Open Closed questions:

lemon24 commented 1 year ago

To do:

lemon24 commented 1 year ago

OK, moving on to unexpected retriever/parser unexpected errors: per https://github.com/lemon24/reader/issues/218#issuecomment-1595691410, they should not prevent updates for remaining feeds; wrapping seems the way to go.

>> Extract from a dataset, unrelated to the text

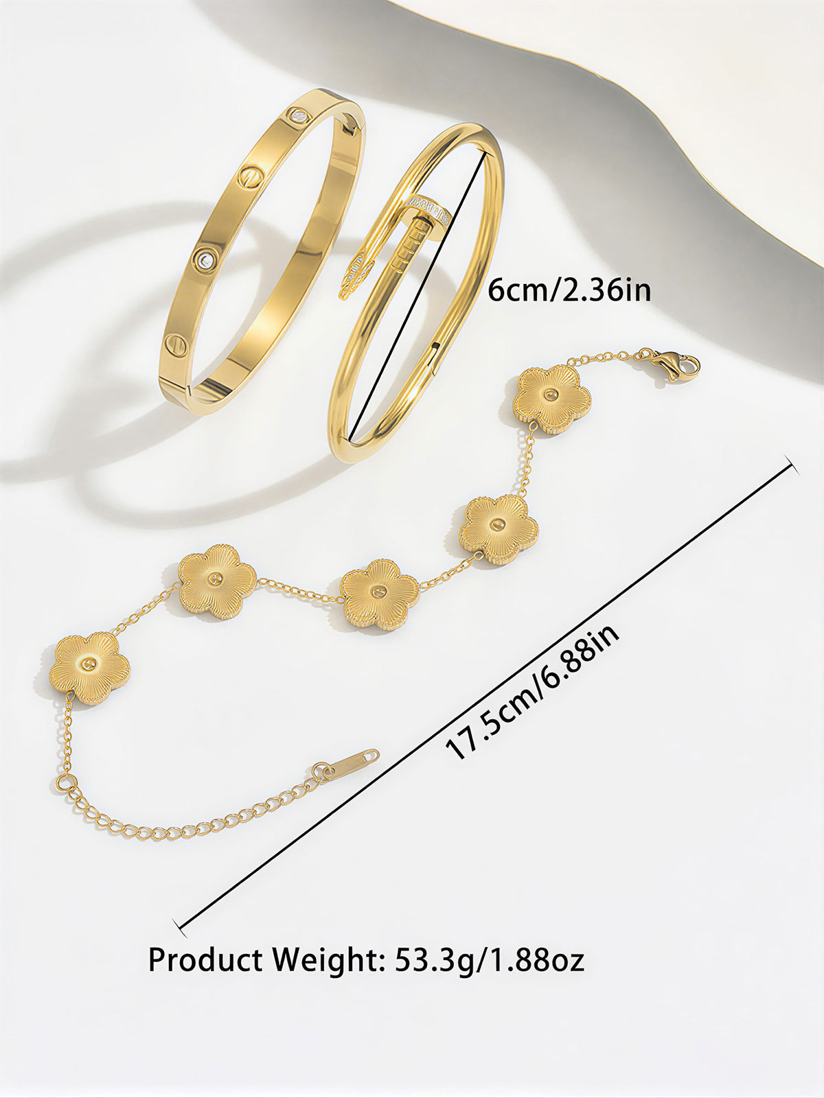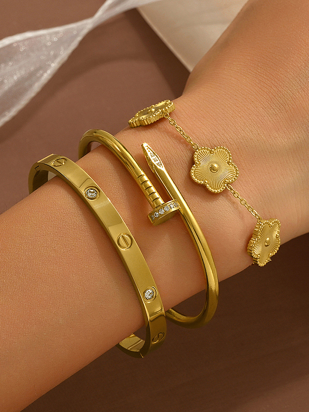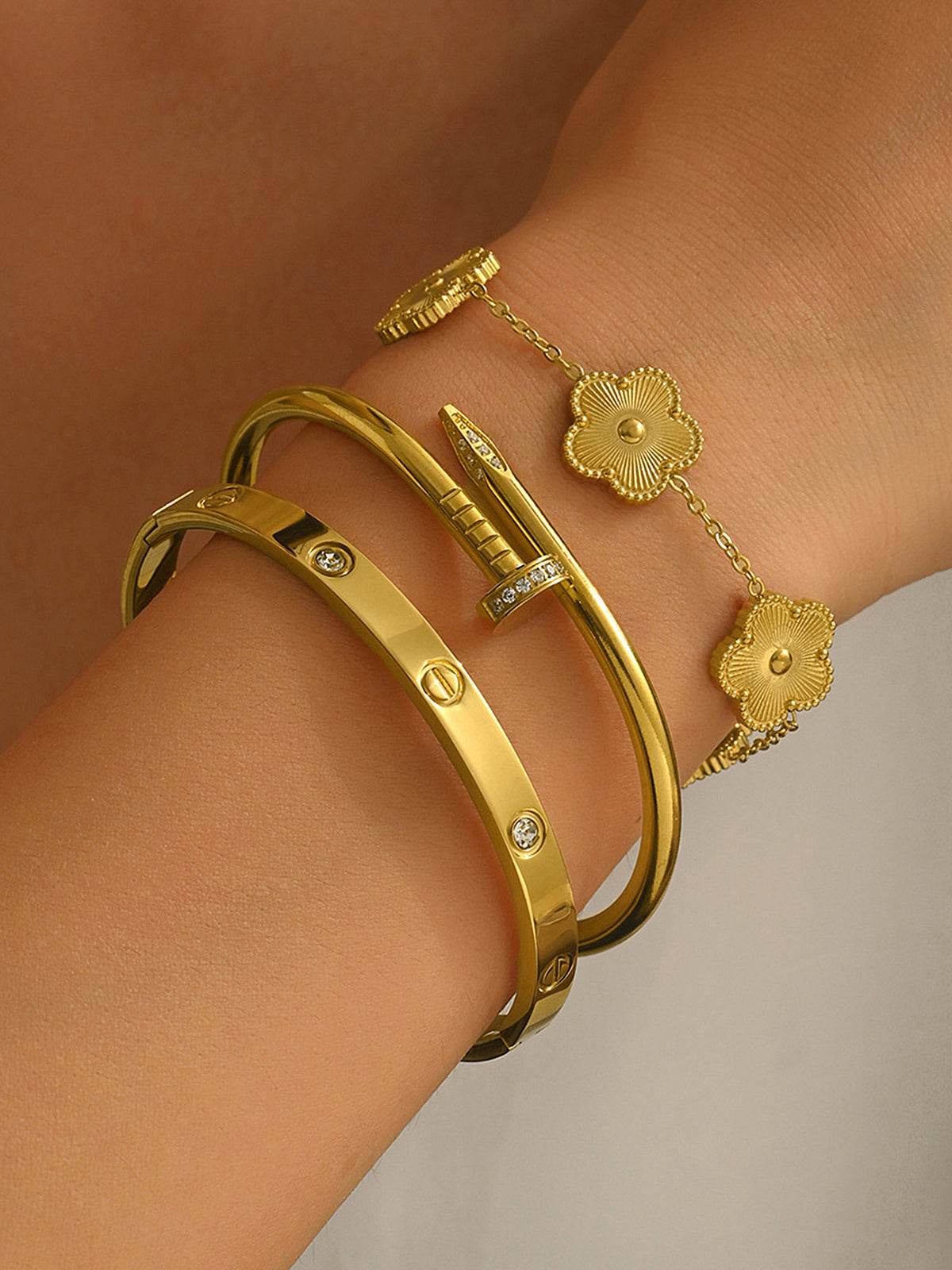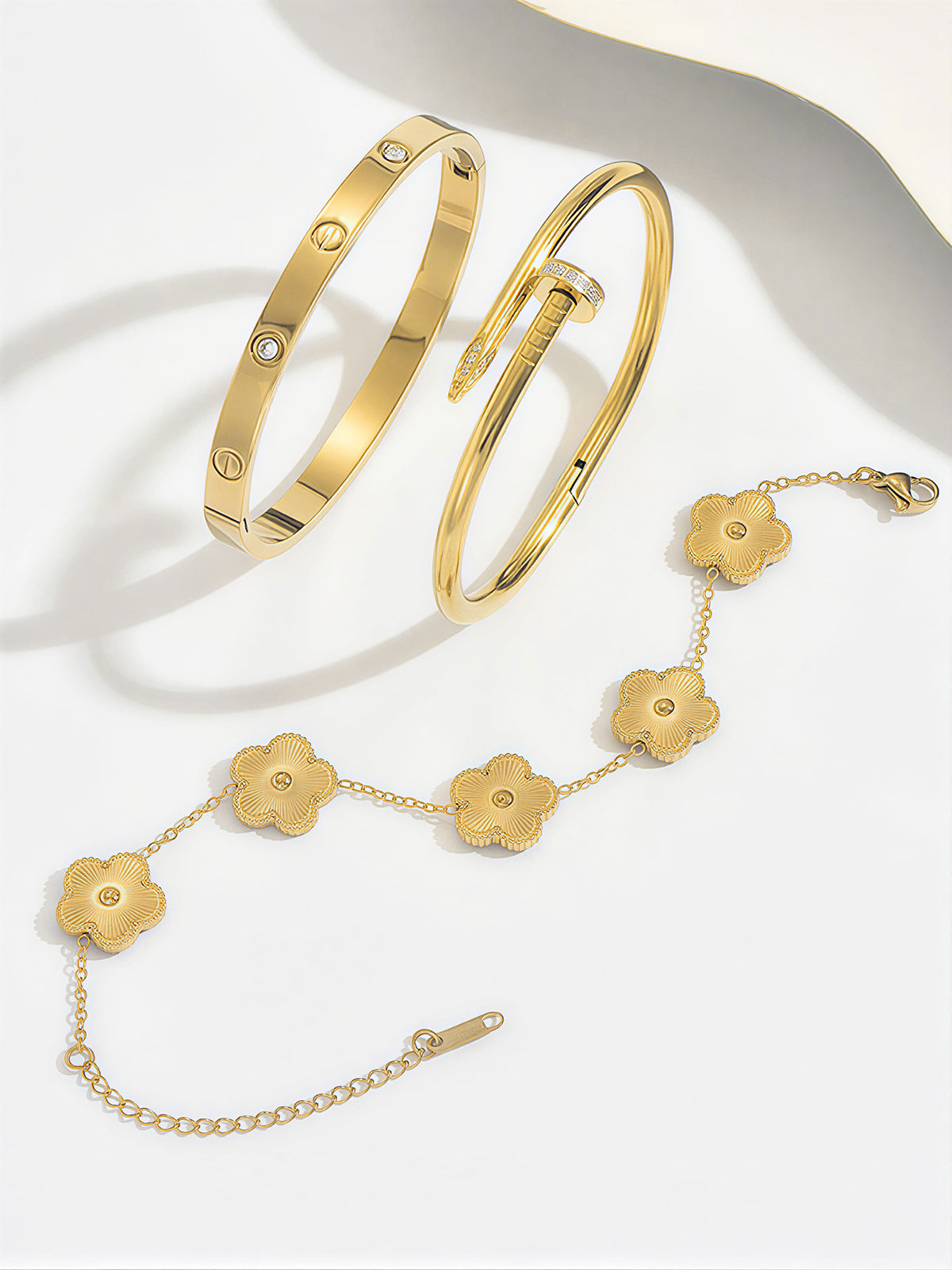3pcs Screw & Nail & Clover Bracelet Set

(1) A possible maximal exception hierarchy:

ReaderError (old)
 +--- UpdateError (old)
       +--- ParseError [FeedError, ReaderWarning] (old)
       |     +--- UnexpectedParseError
       +--- RetrieveError [ParseError (temporary)]
             +--- UnexpectedRetrieverError

This has the benefit of distinguishing clearly between the errors caused by a retriever and by those caused by a (sub-)parser, while not making the hierarchy to deep.

Some disadvantages:

(2) Alternative that doesn't have them, at the expense of deeper hierarchy and slightly confusing naming (ParserError):

ReaderError (old)
 +--- UpdateError (old)
       +--- ParseError [FeedError, ReaderWarning] (old)
             +--- RetrieverError
             |     +--- UnexpectedRetrieverError
             +--- ParserError
                   +--- UnexpectedParserError      

The minimal solution is to either (3) add no new classes, or (4) add a single UnexpectedParseError subclass.

An additional complication is that currently, Feed.last_exception contains details about the cause of the ParseError, if any, not the ParseError itself. If ParseError gets subclasses, it becomes imperative to also have details about the exception itself (type, message); arguably, we should have done this from the start (it would also allow capturing UpdateHookError details, if we ever decide to).

Update: I went with solution 3. https://github.com/lemon24/reader/commit/ccf8d26b74dd03fcc98774747cd6efb78cfb10bf

lemon24 commented 1 year ago

Session hook error already get wrapped in ParseError, and we have a test for it; good enough, for now.